Say I want to add a loss term (i.e. gradients from this loss should be propagated) from the output of hidden layers itself i.e. we use the output of a hidden layer and say pass it to a square function (hidden_output/activation)^2. How can I implement this in PyTorch?

Thanks in advance!

I’m not sure if I understand the use case correctly, but you could use any output of a layer and add it to the loss before calling `backward`

.

Hi! I’m a new user of PyTorch and I have only used the predefined functions namely, I have first defined outputs from a Neural Net compared it with labels and applied it to criterion nn.CrossEntropyLoss as given in the example for training a simple classifier.
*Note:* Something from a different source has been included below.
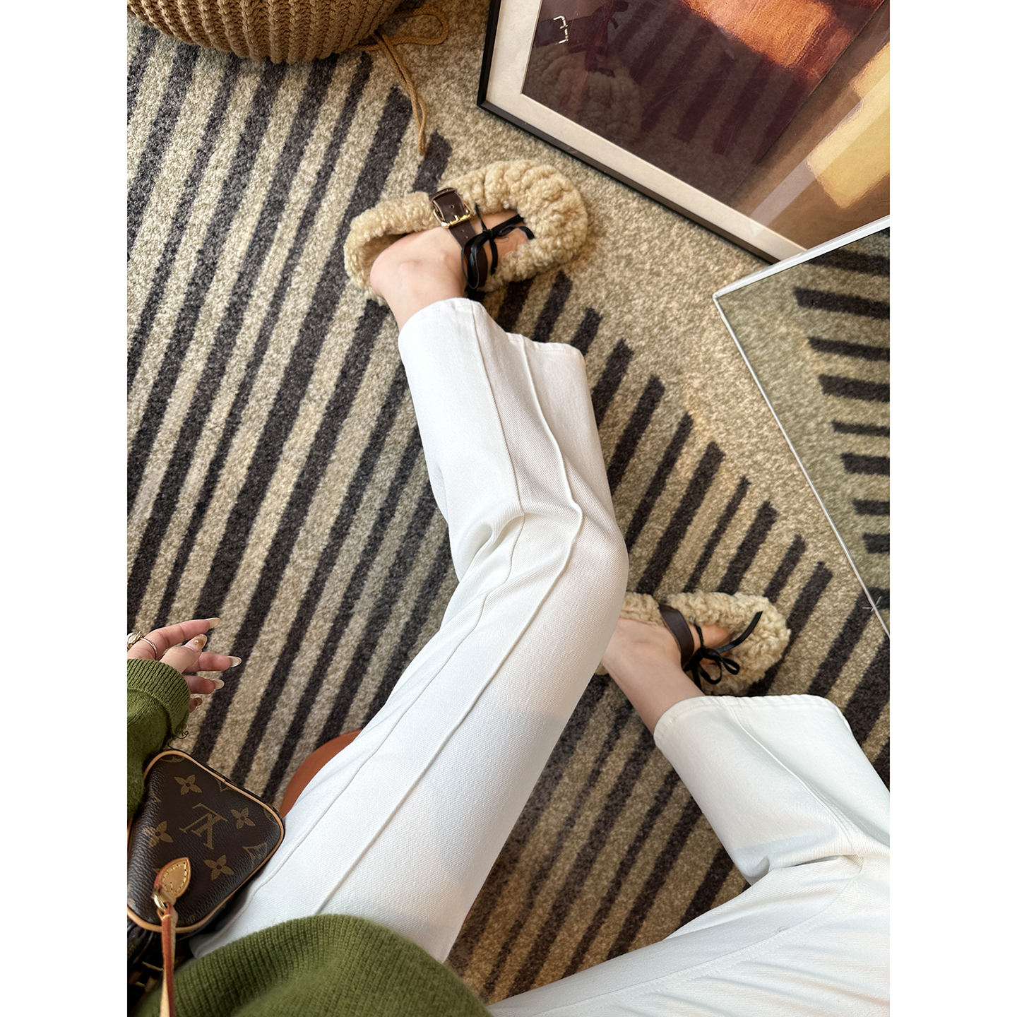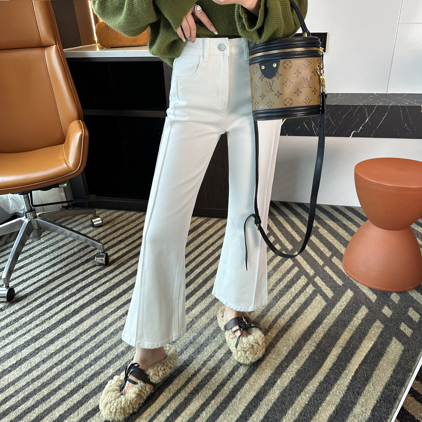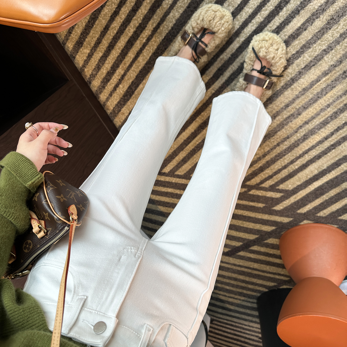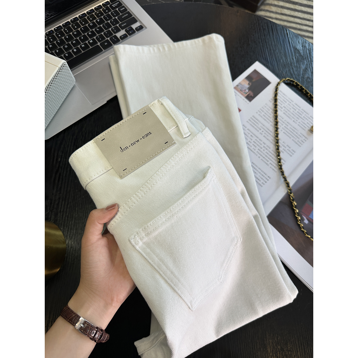 直腿比例 白色修身微喇叭牛仔裤女2025新款秋季高腰弹力九分裤子

So how do we add the outputs from a layer itself?

Here is a small dummy example to use the some intermediate activation in your loss:

```
class MyModel(nn.Module):
def __init__(self):
super(MyModel, self).__init__()
self.fc1 = nn.Linear(10, 64)
self.fc2 = nn.Linear(64, 10)
def forward(self, x):
x1 = F.relu(self.fc1(x))
x = self.fc2(x1)
return x, x1
x = torch.randn(10, 10)
y = torch.randn(10, 10)
model = MyModel()
optimizer = optim.SGD(model.parameters(), lr=1e-0)
criterion = nn.MSELoss()
for epoch in range(100):
optimizer.zero_grad()
output, aux = model(x)
loss = criterion(output, y)
loss = loss + (aux**2).mean()
loss.backward()
optimizer.step()
print('Epoch {}, loss {}, aux norm {}'.format(
epoch, loss.item(), aux.norm()))
```

Would this work as a starter for your use case or are you dealing with another problem?

Thank You! Very cool trick, I was not aware of it. I think this will do If not I’ll refer you again.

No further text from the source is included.